Task details: Output, exactly and with no pictures, the line that contains "Сырой протеин 35,0%, сырой" and every line that comes after it in the data below, the last one included.

#####

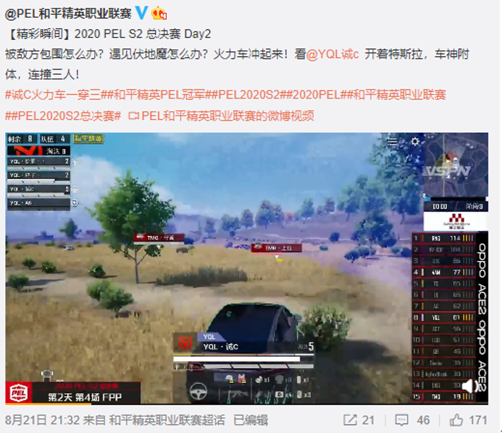 在首周的PEL 2020 S3 常規賽決賽中,YQL卻成功的浪起了一波又一波的高潮!簡直驚呆了觀戰的小伙伴們!憑借著主力選手誠c的強勢操作,YQL順利在前兩局比賽中吃雞,一舉登頂排行榜首位置。而誠c更是連續三局獲得MVP,成為PEL首次完成該成就的選手!
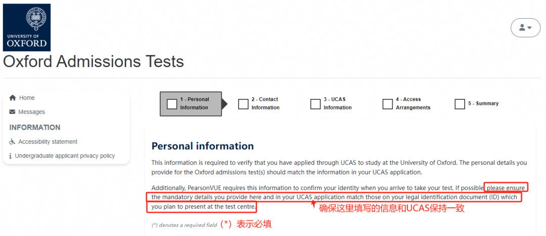 注意,你接下来输入的信息要和身份信息(如护照)保持一致,提前准备好你的UCAS ID(如果没有需要先在UCAS注册账号获取)。
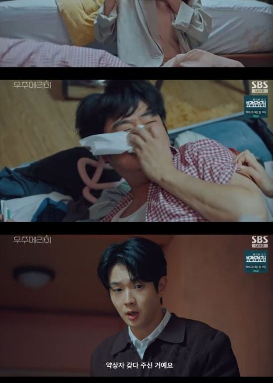 지난 17일 방송된 SBS 금토드라마 '우주메리미' 3회에서는 가짜 부부라는 것을 들키지 않기 위해 셀프 웨딩촬영을 하는 김우주(최우식 분)와 유메리(정소민)의 모습이 그려졌다.
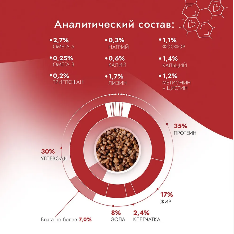 Сырой протеин 35,0%, сырой жир 17,0%, сырая клетчатка 2,4%, сырая зола 8,0 %, углеводы 30%, кальций 1,4%, фосфор 1,1%, натрий 0,3%, калий 0,6%, лизин 1,7%, метионин + цистин 1,2%, триптофан 0,2%, омега-3 жирные кислоты 0,25%, омега-6 жирные кислоты 2,7%, Влага не более 7,0%.
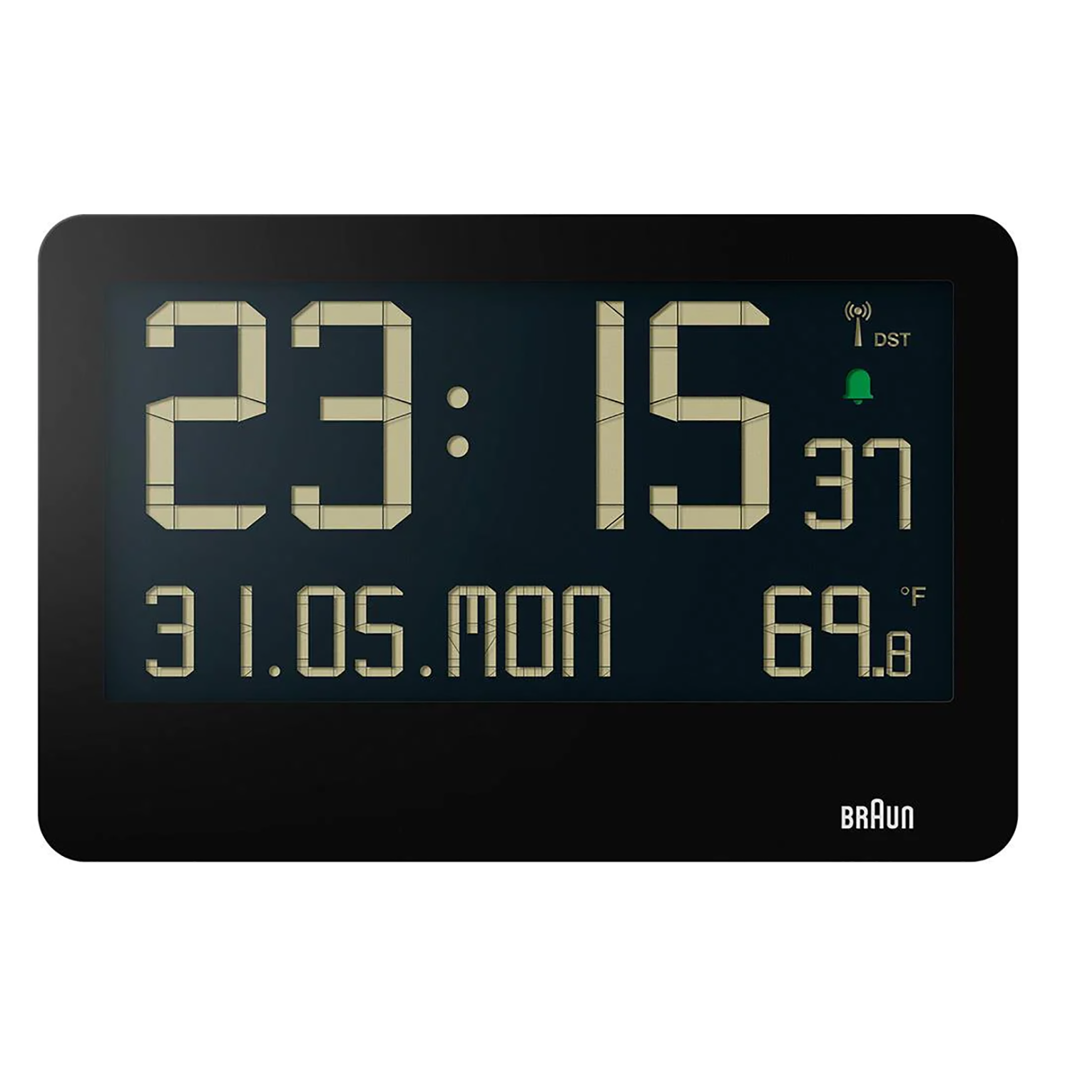 BRAUN BC14 - Zegar cyfrowy z datą, temperaturą i funkcją budzika.

#####

Exercise answer:
 Сырой протеин 35,0%, сырой жир 17,0%, сырая клетчатка 2,4%, сырая зола 8,0 %, углеводы 30%, кальций 1,4%, фосфор 1,1%, натрий 0,3%, калий 0,6%, лизин 1,7%, метионин + цистин 1,2%, триптофан 0,2%, омега-3 жирные кислоты 0,25%, омега-6 жирные кислоты 2,7%, Влага не более 7,0%.
 BRAUN BC14 - Zegar cyfrowy z datą, temperaturą i funkcją budzika.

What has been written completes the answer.